Menurutnya, Tim 9 Kejagung saat ini masih bekerja mendalami keterangan para saksi, memeriksa alat bukti, sekaligus menelusuri asal-usul emas batangan dan uang tunai yang sebelumnya disita penyidik Korps Pemberantasan Tindak Pidana Korupsi (Kortastipidkor) Polri.
"Saat ini penyidik sedang mendalami saksi-saksi dan alat-alat bukti, barang bukti termasuk kepemilikan emas dan uang-uang yang sudah disita oleh penyidik dari Kortas Polri yang ada guna memperkuat pembuktian dan konstruksi perkara yang sedang ditangani.

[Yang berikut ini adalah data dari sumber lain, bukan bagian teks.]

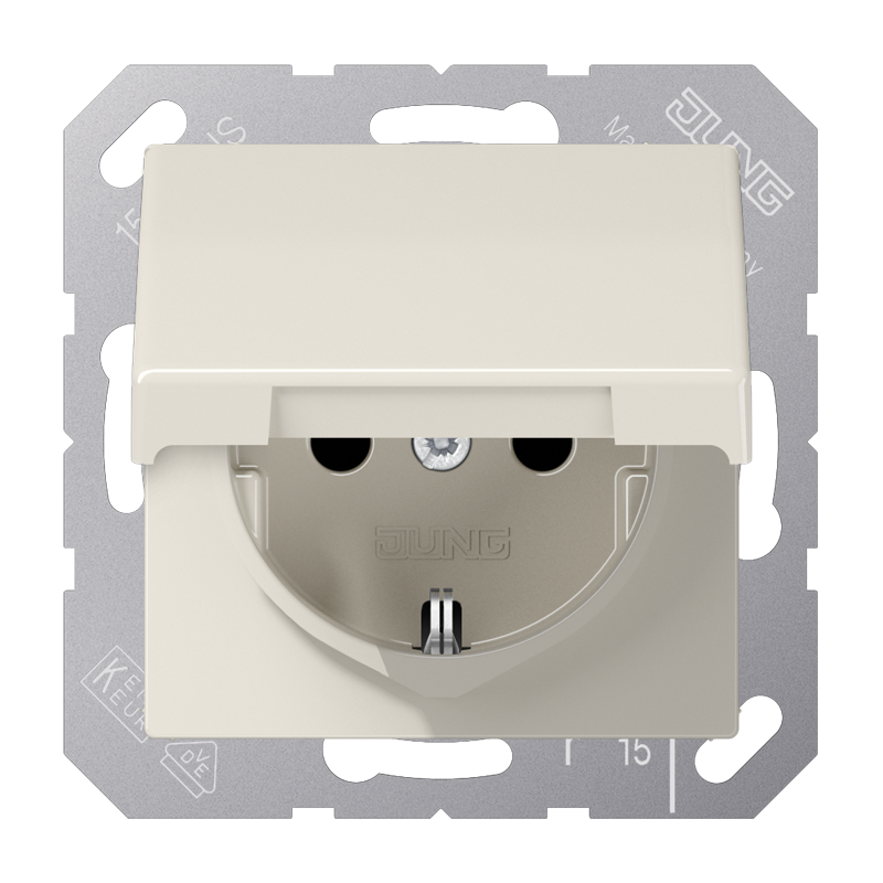 AS1520BFKIKL Штепсельная розетка SCHUKO 16A 250V с крышкой и защитой от детей; слоновая кость

Tim 9 penyidik dalam melakukan penyidiikan akan profesional transparan dan sesuai ketentuan/peraturan," tuturnya.
Sebelumnya, emas batangan 74 kilogram tersebut merupakan bagian dari barang bukti yang disita penyidik Polri saat menggeledah 12 lokasi dalam pengembangan tiga perkara dugaan korupsi.
Selain emas, penyidik juga mengamankan uang tunai bernilai miliaran rupiah dari sejumlah lokasi penggeledahan.
Kini, seluruh penanganan perkara telah dilimpahkan ke Kejaksaan Agung dan ditangani oleh Tim 9 dengan supervisi Komisi Pemberantasan Korupsi (KPK) serta pengawasan Komisi III DPR RI.